▶ Problem to solve:
Restate word for word the lines from the one bearing "Höchster Stand (Kulmination)00:03" through the end of the entries below, and leave every picture out.
****************
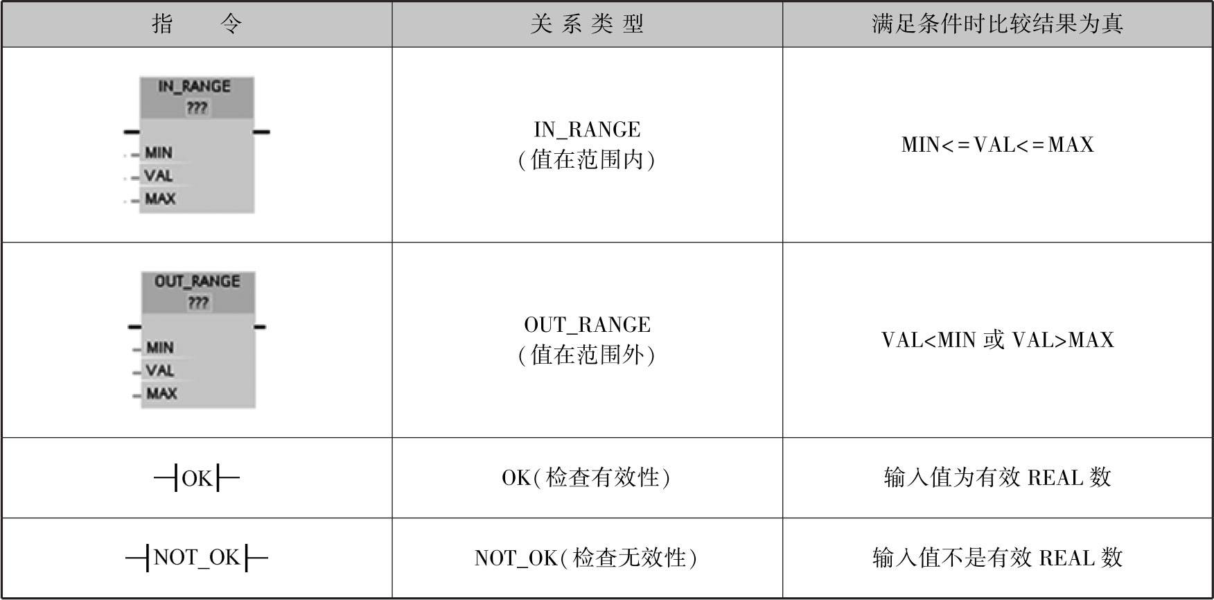 表2-21为值在范围内、值在范围外、检查有效性、检查无效性等4种比较指令的满足条件。
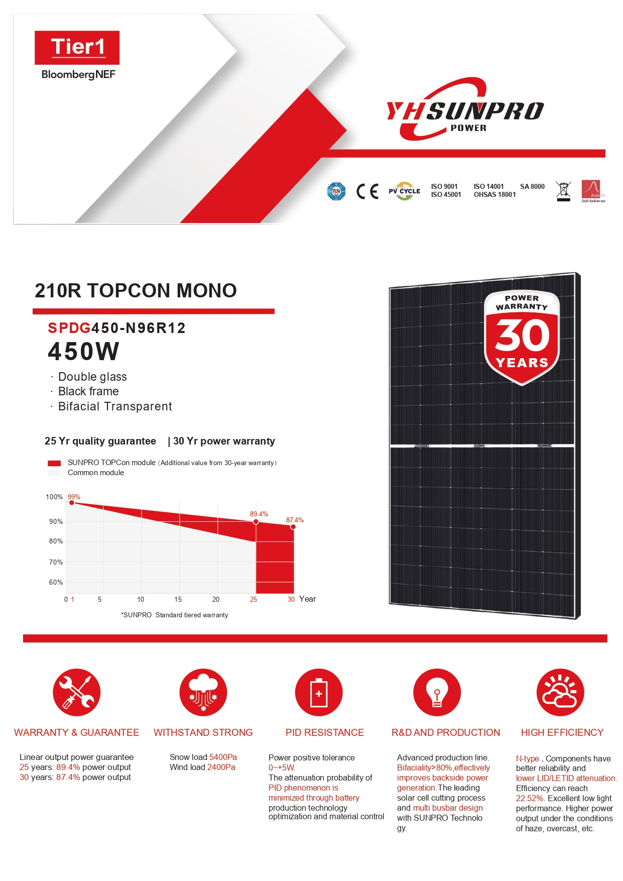 Με πρωτοποριακή τεχνολογία κοπής κυψελών και σχεδίαση πολλαπλών διαύλων (multi busbar) της SUNPRO Technology, τα πάνελ εξασφαλίζουν υψηλή σταθερότητα και απόδοση.
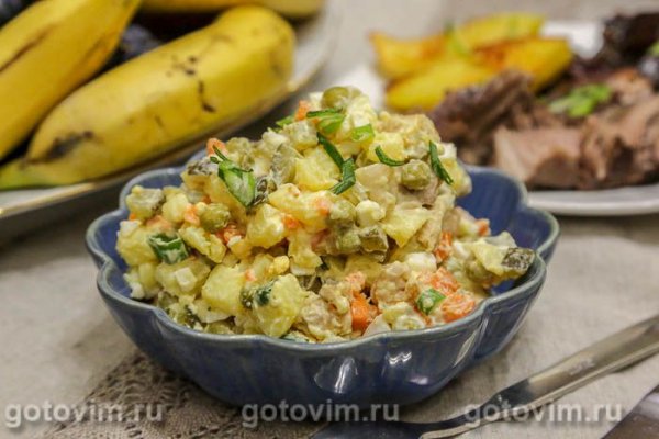 Последними добавить горошек, огурцы и лук. Еще раз проверить, хватает ли в салате соли. Приправить салат оливье с жареной свининой майонезом, перемешать и убрать в холодильник. Дайте салату немного настояться перед подачей. Готовый Оливье переложить в салатник и украсить свежей зеленью. Приятного аппетита!
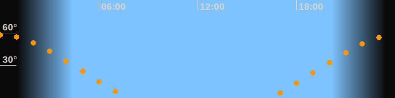 Höchster Stand (Kulmination)00:03 Uhr (h = 58,1°)
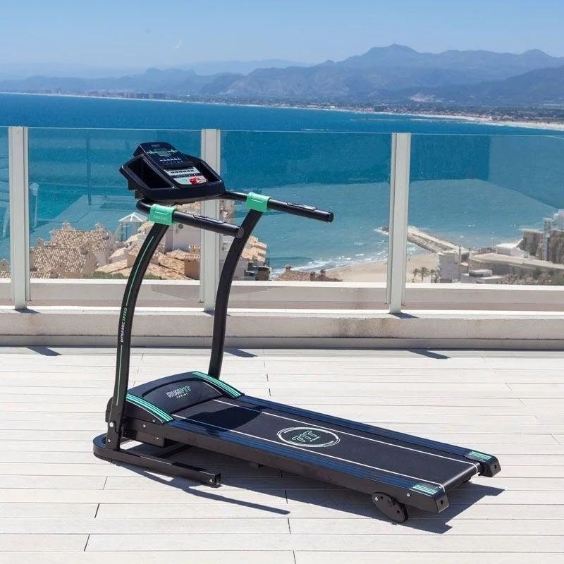 La cinta de correr plegable RunnerFit Sprint es ideal para entrenar en casa. Velocidad ajustable: de 0,8 km/h a 14 km/h.
****************
▶ Written response:
 Höchster Stand (Kulmination)00:03 Uhr (h = 58,1°)
 La cinta de correr plegable RunnerFit Sprint es ideal para entrenar en casa. Velocidad ajustable: de 0,8 km/h a 14 km/h.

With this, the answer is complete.